7.8 Branching recursion#
When we taught you recursion,
we started with sum_nested
:
def sum_nested(obj: int | list) -> int:
"""Return the sum of the numbers in a nested list <obj>.
"""
if isinstance(obj, int):
# obj is an integer
return obj
else:
# obj is a list of nested lists: [lst_1, ..., lst_n]
s = 0
for sublist in obj:
# each sublist is a nested list
s += sum_nested(sublist)
return s
sum_nested
is different from sum_ordinary
in a very important way:
A call to this function either doesn’t recurse or
recurses not once, but n times, where n is len(obj)
.
And each of these calls
either doesn’t recurse or recurses potentially several times.
And so on and so on.
We call this branching recursion because
we end up with a branching set of function calls.

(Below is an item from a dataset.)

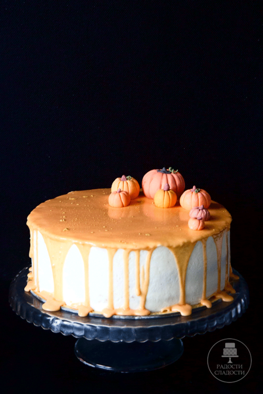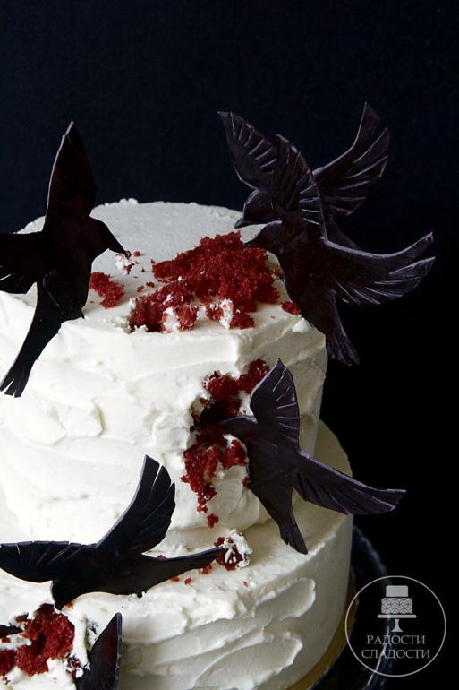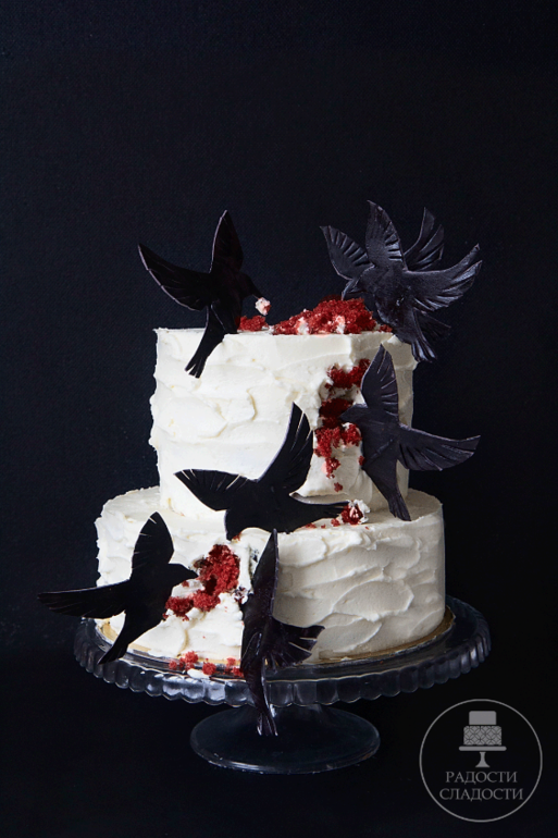 Оба торта - красный бархат. Черных воронов и тыковок сделала из мастики.
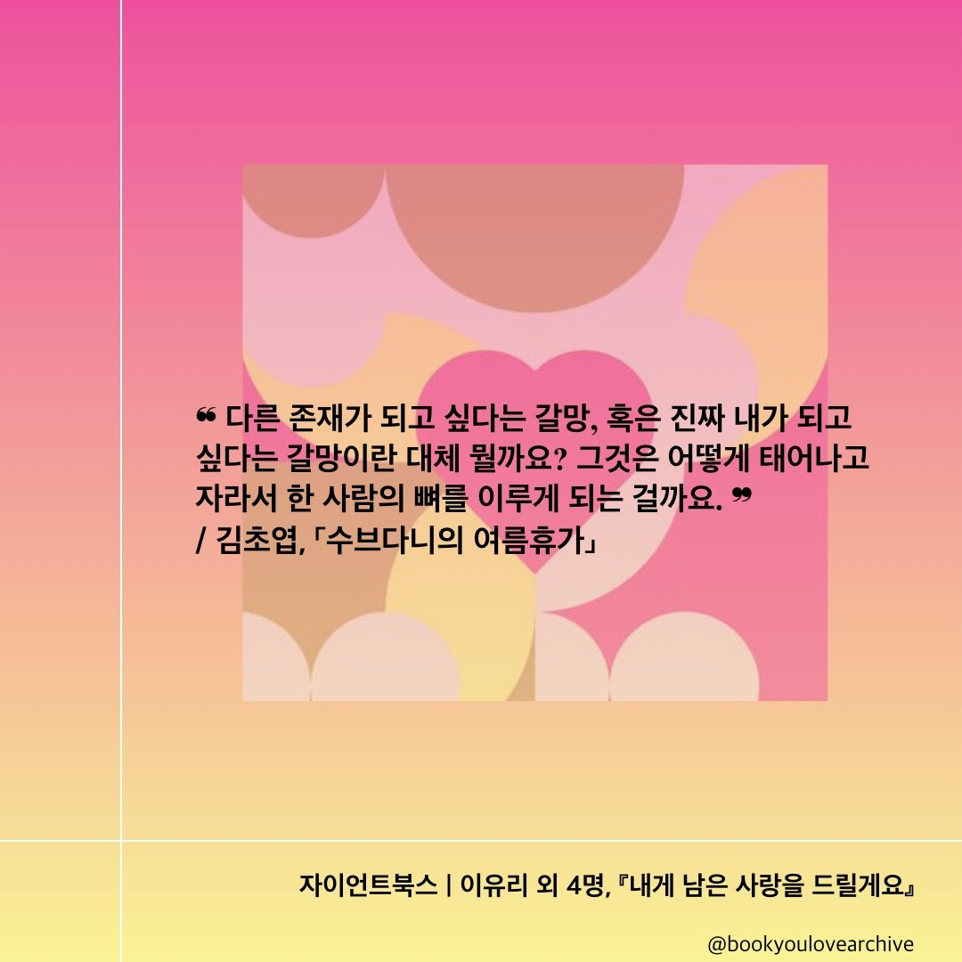 | 다른 존재가 되고 싶다는 갈망, 혹은 진짜 내가 되고 싶다는 갈망이란 대체 뭘까요? 그것은 어떻게 태어나고 자라서 한 사람의 뼈를 이루게 되는 걸까요.

We can represent this with a branching diagram.
For example, suppose we have a main block that calls
sum_nested([6, [1, [2, 4], [3]], [], [8]])
.
This ultimately leads to all the function calls shown in the diagram below, where
an arrow from A to B means that function call A leads to function call B.
Because of the branching calls,
the set of actions that occurs on the call stack in this case
is much more complicated than what we saw with sum_ordinary
.
Try to answer these questions:
How many frames are on the stack when we are processing the call to
sum_nested(6)
(including the stack frame for that call)?How many frames are on the stack when we are processing the call to
sum_nested([8])
(including the stack frame for that call)?How many frames are on the stack when we are processing the call to
sum_nested([2, 4])
(including the stack frame for that call)?How many frames are on the call stack when it reaches its tallest?
Can you picture exactly all the pushing and popping that must go on
to execute this simple call to sum_nested([6, [1, [2, 4], [3]], [], [8]])
?
Python is infinitely “patient” and happily works away on this.
But for people, it’s hard to hold in our head,
and it can be much more complex when the function call isn’t so trivial.
We could trace carefully on paper, working away on the pushing and popping just as Python does,
but that is a lot of work.
Luckily, we know that we don’t have to because partial tracing, although much simpler, works.
This is why partial tracing is so great!